# Section Three - Statistical Analysis of feature data

In this section, I perform extensive statistical analysis on the 16 features extracted in Section Two from the 140 handwritten images. This analysis is divided into four parts:
1.	Descriptive Statistics and Visualisations (3.1)
2.	Group-Specific Summary Statistics and Discriminative Visualisations (3.2)
3.	Hypothesis Testing of Group Differences (3.3)
4.	Correlation and Linear Association Analysis among features (3.4)

## Library Installation
The commands needed to install the libraries required for section three.

In [None]:
%pip install pandas
%pip install numpy 
%pip install matplotlib 
%pip install seaborn 
%pip install scipy 
%pip install scikit-learn
%pip install IPython

## Import Libraries and Load Data

In [None]:
import pandas
import numpy
import matplotlib.pyplot as pyplot
import seaborn
from scipy import stats
from IPython.display import display

data = pandas.read_csv("40394874_features.csv", delimiter=',')
print("Head of Feature Data")
print(data.head())

numeric_cols = ['nr_pix', 'rows_with_1', 'cols_with_1', 'rows_with_3p', 'cols_with_3p', 'aspect_ratio', 'neigh_1', 'no_neigh_above', 'no_neigh_below', 'no_neigh_left', 'no_neigh_right', 'no_neigh_horiz', 'no_neigh_vert', 'connected_areas', 'eyes', 'custom']

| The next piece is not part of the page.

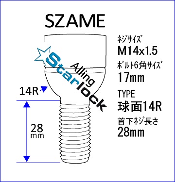 SZAME スターロック 色:シルバー メルセデスベンツ M14xP1.5 球面14R 首下28mm HEADLINE

data[numeric_cols] = data[numeric_cols].apply(pandas.to_numeric)

## Descriptive Statistics and Visualisations

In this section I calculated summary statistics for each numeric feature and generated histograms for the first six key features.

In [None]:
print("Overall Summary Statistics:")
display(data[numeric_cols].describe())

features_for_histograms = ['nr_pix', 'rows_with_1', 'cols_with_1', 'rows_with_3p', 'cols_with_3p', 'aspect_ratio']

seaborn.set_theme()

for feature in features_for_histograms:
    pyplot.figure(figsize=(8, 12))
    seaborn.histplot(data[feature], bins=25, kde=True)
    pyplot.title(f"Histogram of {feature}")
    pyplot.xlabel(feature)
    pyplot.ylabel("Frequency")
    pyplot.show()

## Group-Specific Summary Statistics and Discriminative Visualisations
I divided the dataset into two groups – letters (symbols a-j) and non-letters (all other symbols) – and computed summary statistics for all 16 features, including the mean, standard deviation, and median for each group. I then created Violin Plots for the most significant features.

In [None]:
letters = list("abcdefghij")
data['group'] = data['label'].apply(lambda x: 'letter' if x in letters else 'non-letter')
print("Group Counts:")
print(data['group'].value_counts())

group_stats = data.groupby('group')[numeric_cols].agg(['mean', 'std', 'median'])
print("Descriptive Statistics by Group:")
for feature in numeric_cols:
    print(f"{feature}\n\n")
    display(group_stats[feature])

for feature in ['aspect_ratio', 'connected_areas', 'custom']:
    pyplot.figure(figsize=(8, 6))
    seaborn.violinplot(x='group', y=feature, data=data)
    pyplot.title(f"Violin plot of {feature} by Group")
    pyplot.xlabel("Group")
    pyplot.ylabel(feature)
    pyplot.tight_layout()
    pyplot.show()

## Hypothesis Testing of Group Differences
In this section, I performed statistical tests to determine whether the differences in feature values between letters and non-letters and non-letters are statistically significant. For each of the 16 features, an independent t-test, assuming unequal variances, is conducted comparing the two groups.

In [None]:
print("Hypothesis Testing (t-tests) for all features:")

hypothesis_results = {}

for feature in numeric_cols:
    group_letters = data[data['group'] == 'letter'][feature]
    group_nonletters = data[data['group'] == 'non-letter'][feature]
    t_stat, p_val = stats.ttest_ind(group_letters, group_nonletters, equal_var=False)
    hypothesis_results[feature] = {'t-test': f"{t_stat:.5f}",'p-value': f"{p_val:.5f}"}
    print(f"{feature}: t-statistic = {t_stat:}, p-value = {p_val:}")

print('\n\n')

hypothesis_data = pandas.DataFrame(hypothesis_results).T
hypothesis_data = hypothesis_data.reset_index().rename(columns={'index': 'Feature'})
display(hypothesis_data)

features = list(hypothesis_results.keys())
p_values = [float(hypothesis_results[feat]['p-value']) for feat in features]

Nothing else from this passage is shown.